**The task:** Among the entries below, retype exactly the lines starting with the one with "Le Groupement des" and going on through the one with "On February 3", but not the pictures.

**Record excerpts:**
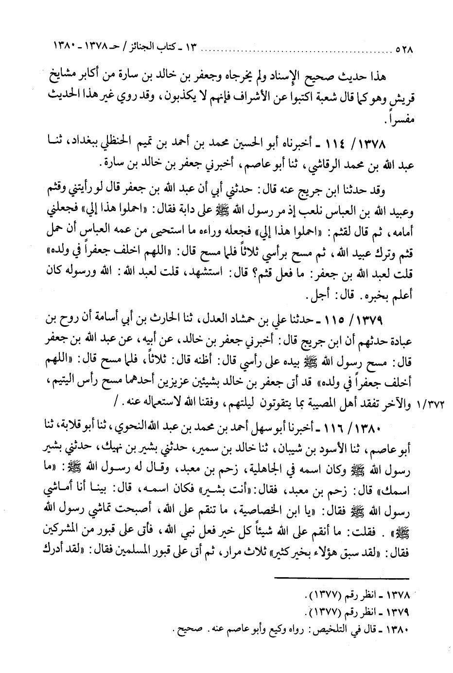 1379 - حَدَّثَنَا عَلِيُّ بْنُ حَمْشَاذَ الْعَدْلُ، ثنا الْحَارِثُ بْنُ أَبِي أُسَامَةَ، أَنَّ رَوْحَ بْنَ عُبَادَةَ، حَدَّثَهُمْ أَنَّ ابْنَ جُرَيْجٍ، قَالَ: أَخْبَرَنِي جَعْفَرُ بْنُ خَالِدٍ، عَنْ أَبِيهِ، عَنْ عَبْدِ اللَّهِ بْنِ جَعْفَرٍ، قَالَ: مَسَحَ رَسُولُ اللَّهِ صَلَّى اللهُ عَلَيْهِ وَسَلَّمَ بِيَدِهِ عَلَى رَأْسِي قَالَ: - أَظُنُّهُ قَالَ ثَلَاثًا - فَلَمَّا مَسَحَ قَالَ: §«اللَّهُمَّ اخْلُفْ جَعْفَرًا فِي وَلَدِهِ» قَدْ أَتَى جَعْفَرُ بْنُ خَالِدٍ بِشَيْئَيْنِ عَزِيزَيْنِ: أَحَدُهُمَا مَسْحُ رَأْسِ الْيَتِيمِ، وَالْآخَرُ تَفَقُّدُ أَهْلِ الْمُصِيبَةِ بِمَا يَتَقَوَّتُونَ لَيْلَتَهُمْ «وَفَّقَنَا اللَّهُ لِاسْتِعْمَالِهِ عَنْهُ»
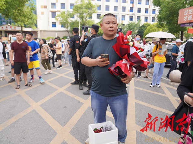 一举夺魁!怀化三中门口,家长为考生加油。(记者 雷鸿涛)
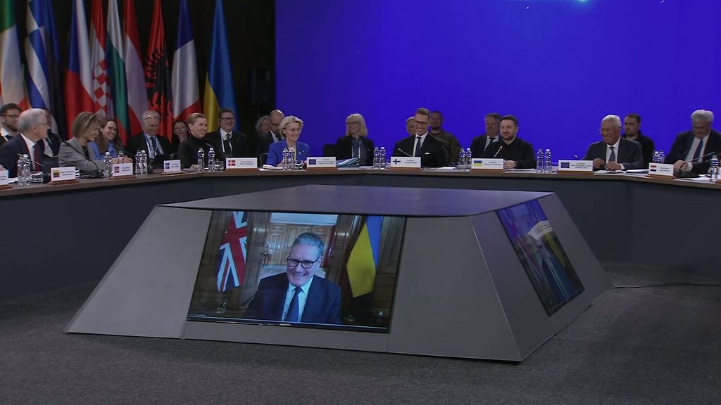 Ukrainan tukijat kokoontuivat Kiovassa tiistaina. Vaikeudet etäyhteydessä saivat aikaan hupaisan reaktion.
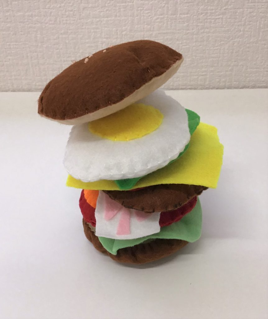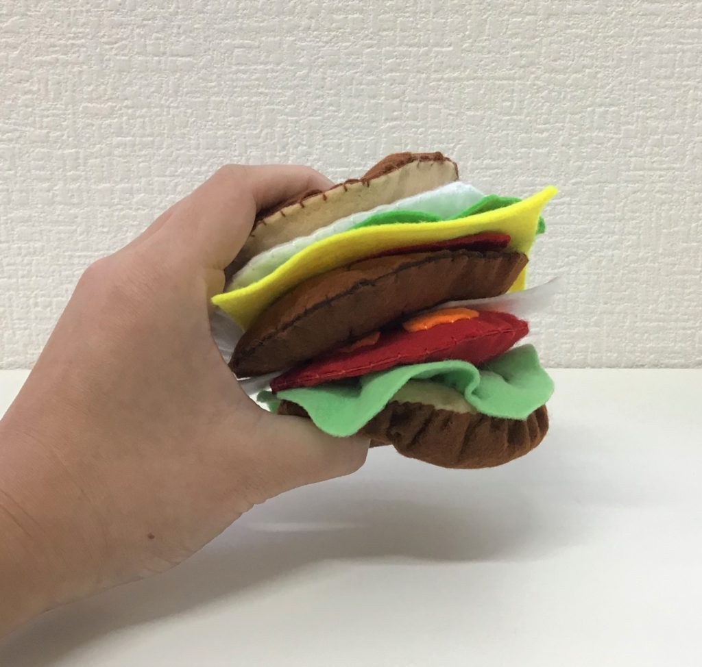 パンの間にすべての具材を積み上げるとこのようになります。崩れないようにそっと一つずつ重ねていくことで力のコントロールが可能になり、
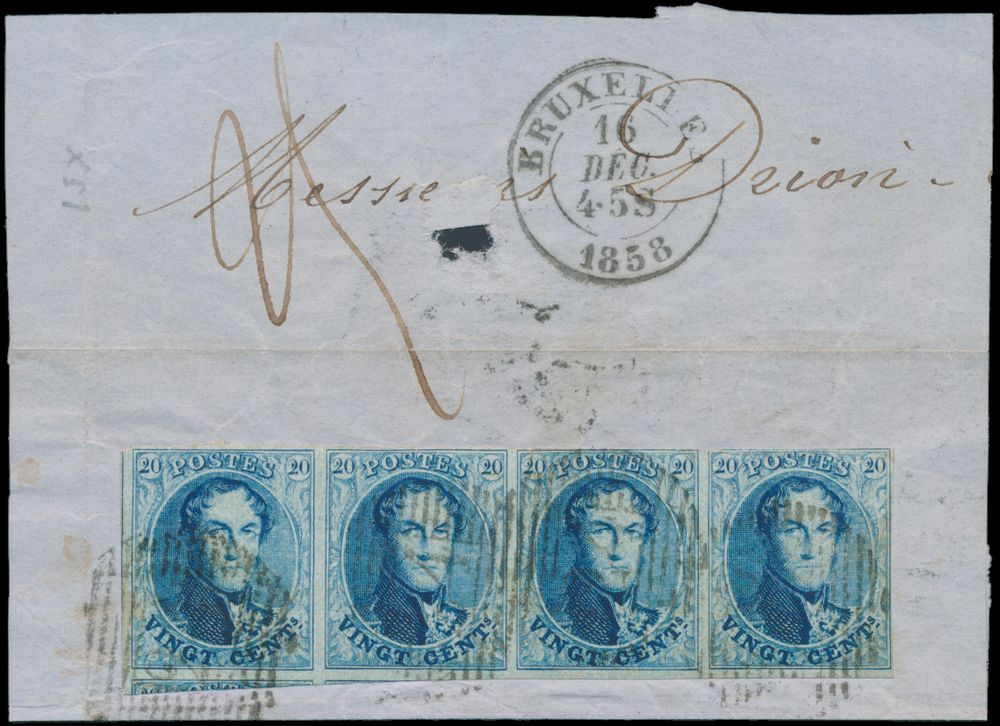 1234 image1858 N° 11 "20c. blue", in strip of 4, (3 fully margined stamps, one close), with neigbour, cancelled P.24-Bruxelles, dated 16 December 1858, on small fragment, vf (OBP ++€150)(Image 1) (All Images)
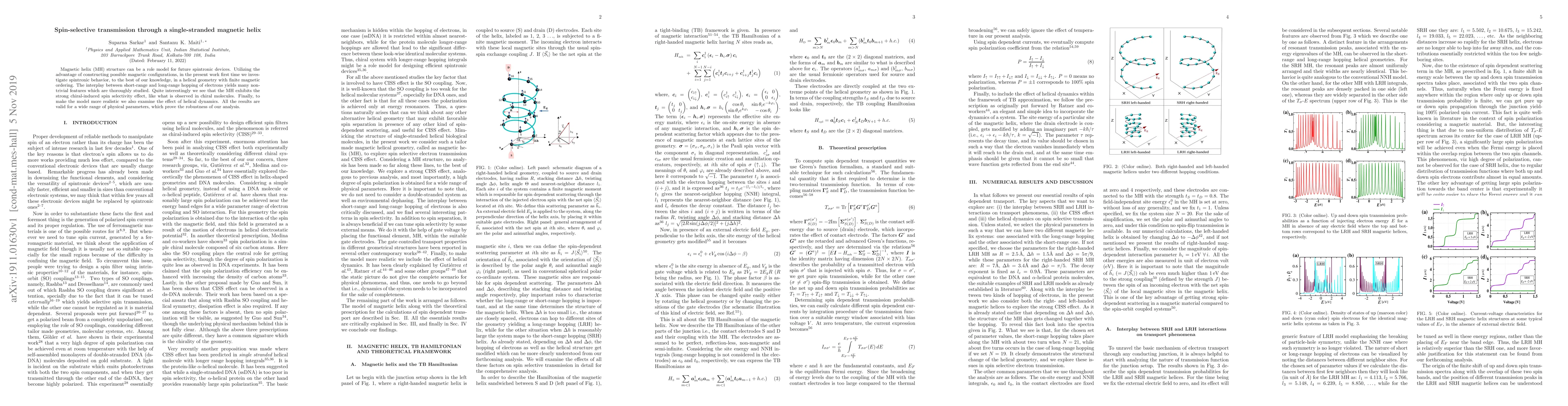 Magnetic helix (MH) structure can be a role model for future spintronic devices. Utilizing the advantage of constructing possible magnetic configurations, in the present work first time we investigate spintronic behavior, to the best of our knowledge, in a helical geometry with finite magnetic ordering. The interplay between short-range and long-range hopping of electrons yields many non-trivial features which are thoroughly studied. Quite interestingly we see that the MH exhibits the strong chiral-induced spin selectivity effect, like what is observed in chiral molecules. Finally, to make the model more realistic we also examine the effect of helical dynamics. All the results are valid for a wide range of physical parameters, which prove the robustness of our analysis.
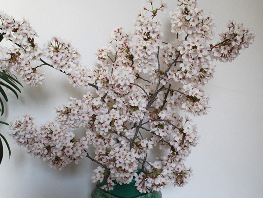 そのあと偶然にも園内の桜の太い枝が強風で折れたところを通りかかりました。 木が少し弱っていて、枝がもろくなっていたようです。 折れた枝は処分するしかないということで、 管理の方が分けてくれました。 桜の木はかわいそうだけれど、 おかげで玄関は桜の花の優しい香り。 どうもありがとう。
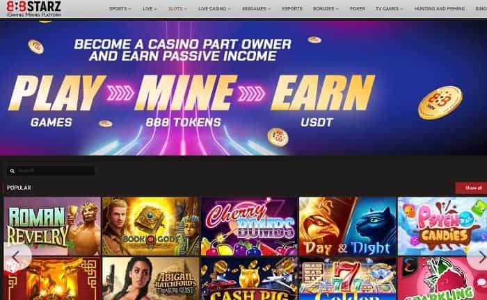 Welcome to the 888STARZ review! The most important thing to know about 888STARZ online casino is that this resource is not an ordinary casino where you can only win or lose a certain amount of money, but an investment gambling project that has no analogues in the world. 888STARZ Casino, operating since 2020, is a gaming mining platform that offers players a dividend model based on blockchain technology. In fact, by performing certain actions on the casino website, you get yourself units of the real cryptocurrency (888Tron tokens, or just 888).
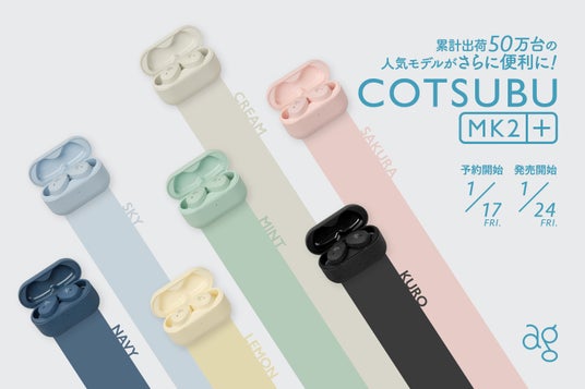 国内オーディオメーカー株式会社final(代表:細尾 満、本社:神奈川県川崎市)は、agブランドの人気ワイヤレスイヤホン「COTSUBU MK2」に、複数の機器に接続できる「マルチポイント」機能を追加した「COTSUBU MK2+(コツブ エムケーツー プラス)」(各 6,980円)を本日2025年1月17日(金)より予約開始、2025年1月24日(金)より発売いたします。
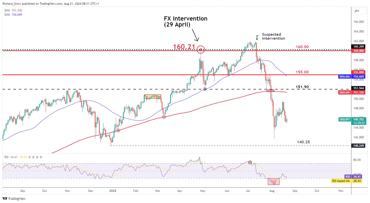 自8月5日美元/日元触及波动低点以来,尽管市场出现部分复苏迹象,但中期下跌趋势依然明显。
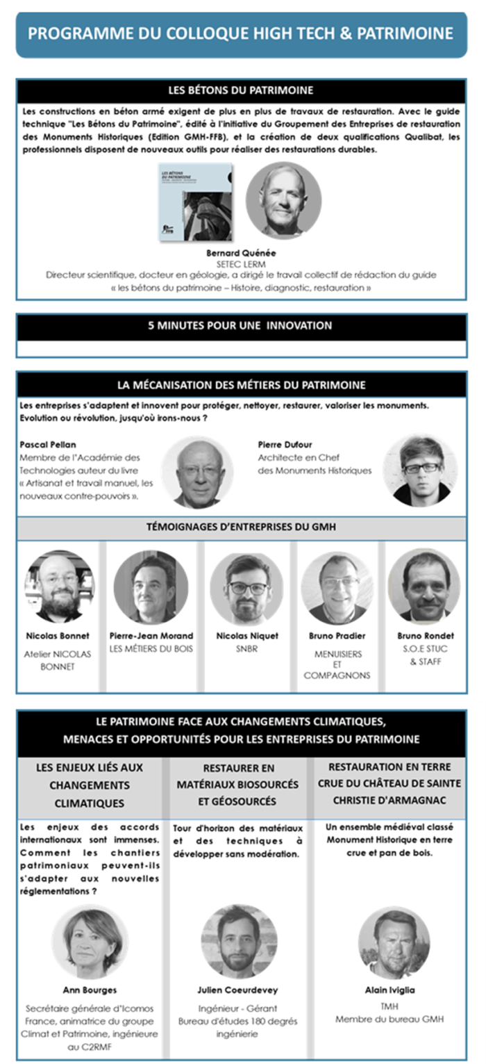 Le Groupement des Entreprises de Restauration de Monuments Historiques (GMH) a le plaisir de vous convier à son 6ème colloque HIGH TECH & PATRIMOINE.
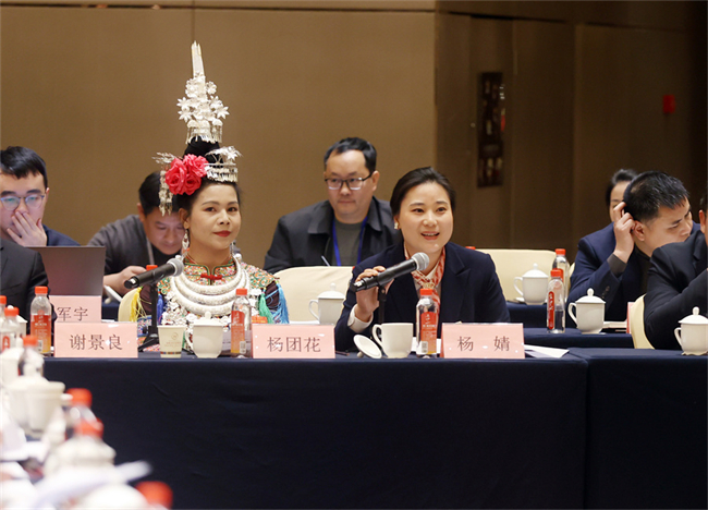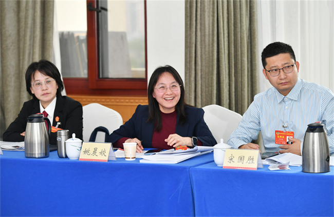 On February 3 afternoon, Yang Jing, a deputy from the Huaihua delegation, suggests on optimizing the business environment and promoting Hunan products to the overseas market. (Photo/Zhao Chi, Hunan Daily)
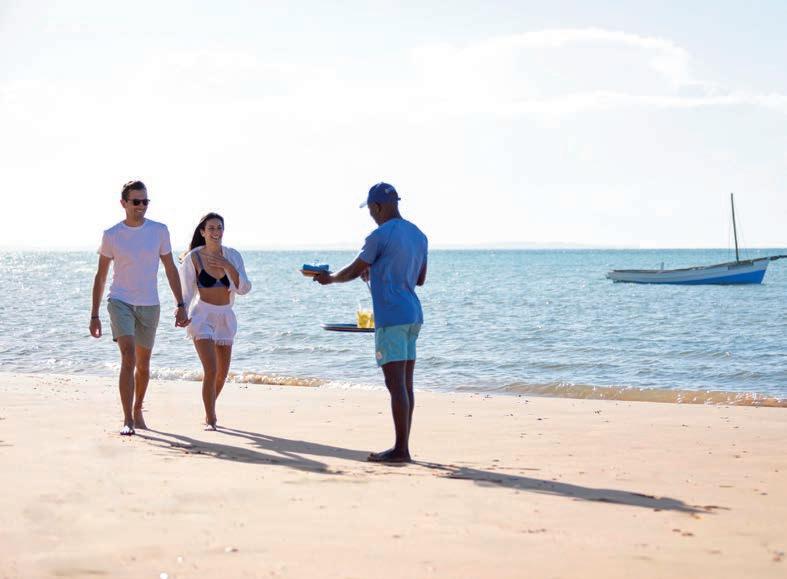 pitalidade acolhedora e personalizada. Aniversários, luas-de-mel e escapadelas românticas encontram aqui o cenário ideal. Famílias com crianças têm menus adaptados e actividades criativas. Cada suite dispõe de um tablet com aplicação interactiva que oferece informações sobre o arquipélago de Bazaruto, história local e serviços disponíveis — garantindo uma estadia fluida e personalizada.

**Result of this task:**
 Le Groupement des Entreprises de Restauration de Monuments Historiques (GMH) a le plaisir de vous convier à son 6ème colloque HIGH TECH & PATRIMOINE.
 On February 3 afternoon, Yang Jing, a deputy from the Huaihua delegation, suggests on optimizing the business environment and promoting Hunan products to the overseas market. (Photo/Zhao Chi, Hunan Daily)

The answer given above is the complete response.